Deploying custom foundation models in IBM watsonx.ai
You can upload and deploy a custom foundation model for use with watsonx.ai™ inferencing capabilities.
Deploying a custom foundation model provides the flexibility for you to implement the AI solutions that are right for your use case. The deployment process differs slightly depending on the source of your custom foundation model.
It is best to get the model directly from the model builder. One place to find new models is Hugging Face, a repository for open source foundation models used by many model builders.
Watch this video to see how to set up storage for the custom model, load the model into the storage, and register the model to make it available for deployment.
This video provides a visual method to learn the concepts and tasks in this documentation.
Deploying custom foundation models
You must prepare the custom foundation model and upload the model to PVC storage. After storing the model, you must register the model with watsonx.ai.

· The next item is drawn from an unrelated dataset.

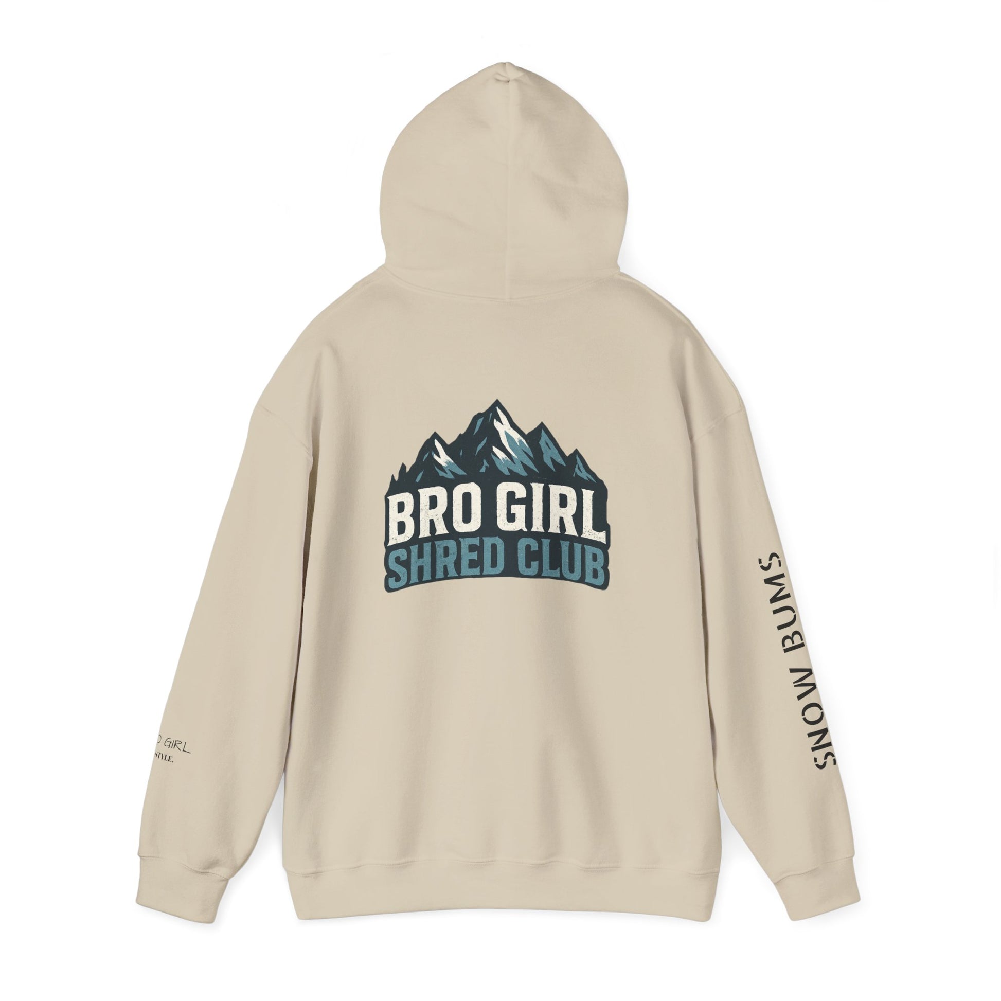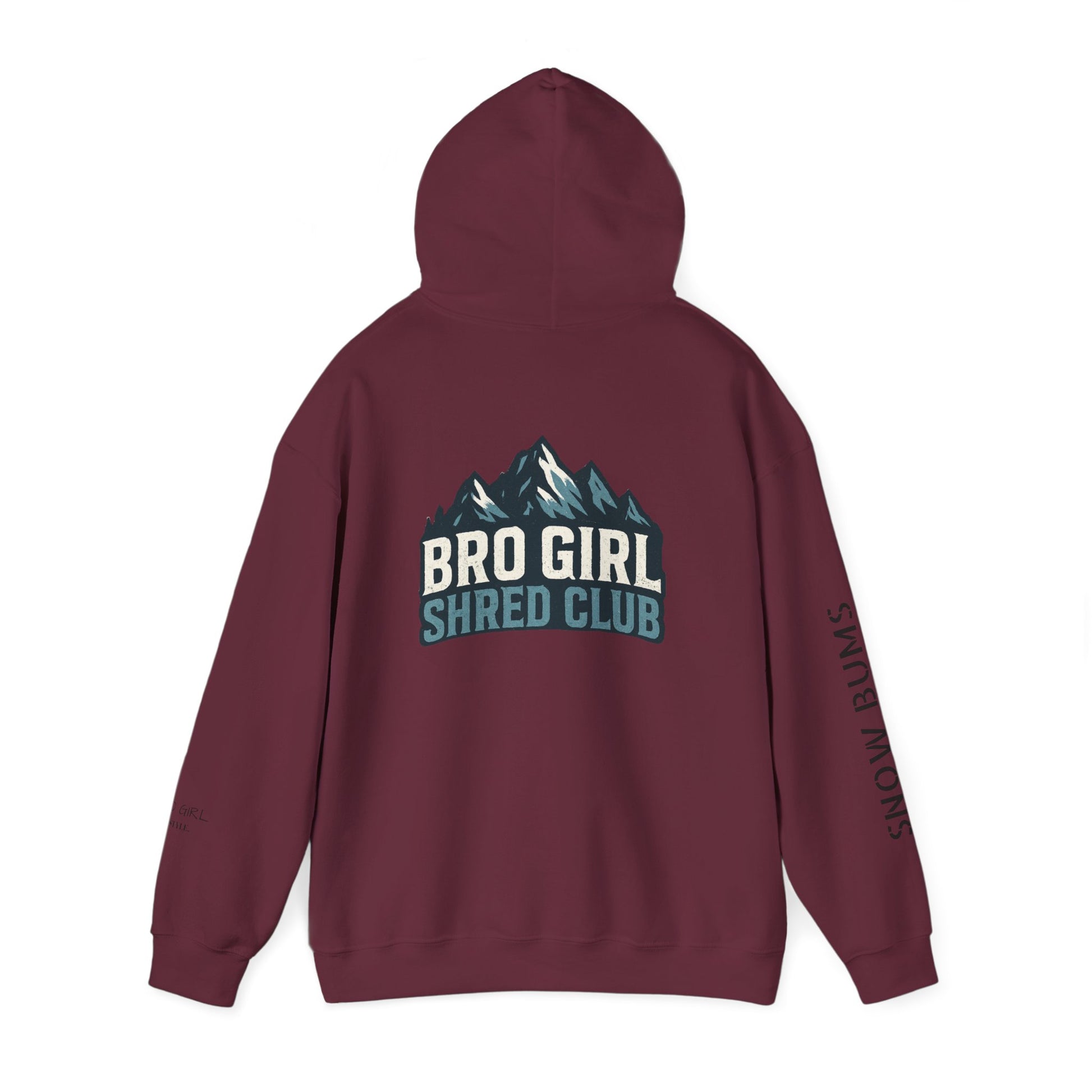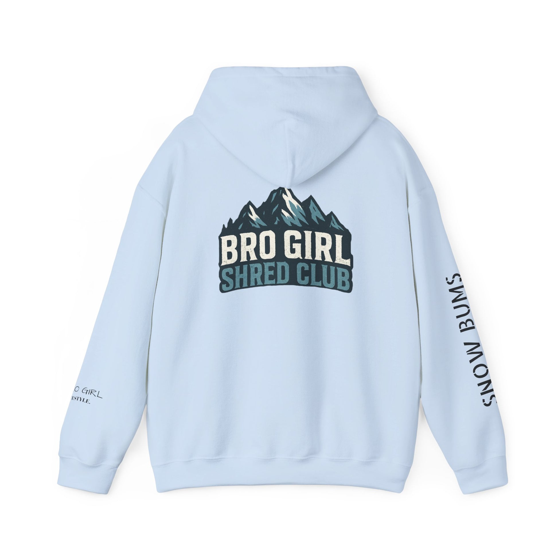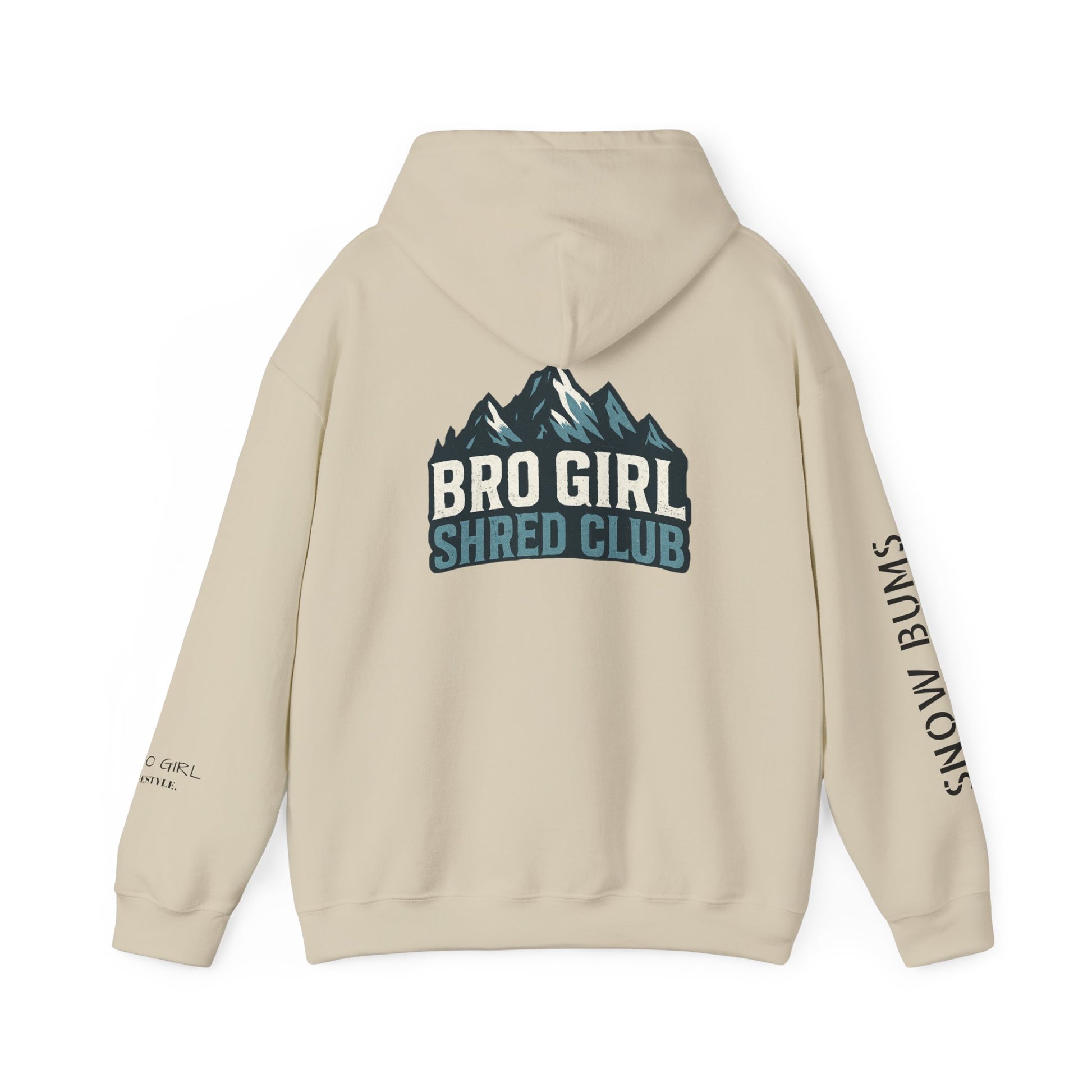 Embrace your inner snow bum with the Bro girl lifestyle SHRED university Alumni hoodie, where cozy meets cool. Designed for the girls who'd rather chase powder than perfection, this minimalist snowboard hoodie features bold varsity lettering, a clean monochrome look, and our signature Bro Girl Lifestyle touch. Perfect for apres ski hangs, mountain days, or lazy sundays. it's made for those who live life full send no matter the weather.
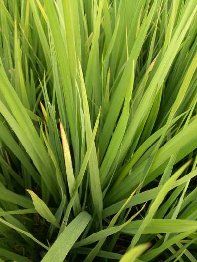 Dear Ravinder Bawa In case of Nitrogen deficiency, usually the older leaves get yellow due to translocation of nitrogen ( being highly mobile ) from older leaves to growing parts of the plant , usually younger leaves. This phenomena is not observed here , hence it may not be nitrogen deficiency. It may be initial stages of bacterial blight , where the infection starts at the tip of leaves spreading downwards , the area around the affected portion turning yellow. Spray 0.5 gms Streptocycline AND 3 gms copper oxy chloride in a litre of water. About 200 litres of solution may be required per acre. About 100 gms of Streptocycline AND 600 gms of copper oxy chloride may be required per acre. Repeat the spray after 15 days. Good luck.

The following graphic shows the process followed by a system administrator:
When you complete the storage and registration process, the MLOps engineers can deploy the custom foundation mode and prompt engineers can use the deployed model for prompting. For more information, see Deploying custom foundation models in the IBM watsonx.ai and watsonx.governance™ documentation.
Preparing the model and uploading to PVC storage
The vLLM inferencing server provides an optimized inference runtime for serving many popular foundation model architectures. Certain models are not yet supported, though. To enable usage of these custom foundation models, you must add or build a custom inference runtime image for your custom foundation model.
- Review the supported architecture frameworks, hardware specifications, and software specifications for custom foundation models. See Planning to deploy a custom foundation model.
- [OPTIONAL] Add or build a custom inference runtime image for your custom foundation model (only models that are not yet supported by the standard vLLM inference server). See Building a custom inference runtime image for your custom foundation model.
- Set up a storage repository for hosting the model and then upload the model to the storage repository. See Setting up storage and uploading the model.
- You can deploy custom foundation models (CFMs) in two ways:
- Registering a custom foundation model in a IBM watsonx.ai project or space. See Registering a custom foundation model. In this approach, the model is registered and deployed within a specific project or space. The deployment is scoped to that project or space, and access is limited accordingly.
- Registering custom foundation models for global deployment. See Registering custom foundation models for global deployment. In this approach, models are deployed globally by using theIBM watsonx.ai Inference Frameworks Manager (IFM) operator. Models that are deployed in this way can be shared across multiple projects and spaces within the cluster, rather than being tied to a single project or space. Global deployment is particularly useful for environments with limited GPU resources. Instead of deploying separate instances of the same model in each project or space, a single shared deployment can serve multiple consumers. Registering custom foundation models for global deployment helps optimize resource utilization and provides a scalable way for enterprises to use custom foundation models across the organization.
For a watsonx.ai lightweight engine installation, you follow different steps to add custom foundation models. For details, see Adding custom foundation models to watsonx.ai lightweight engine.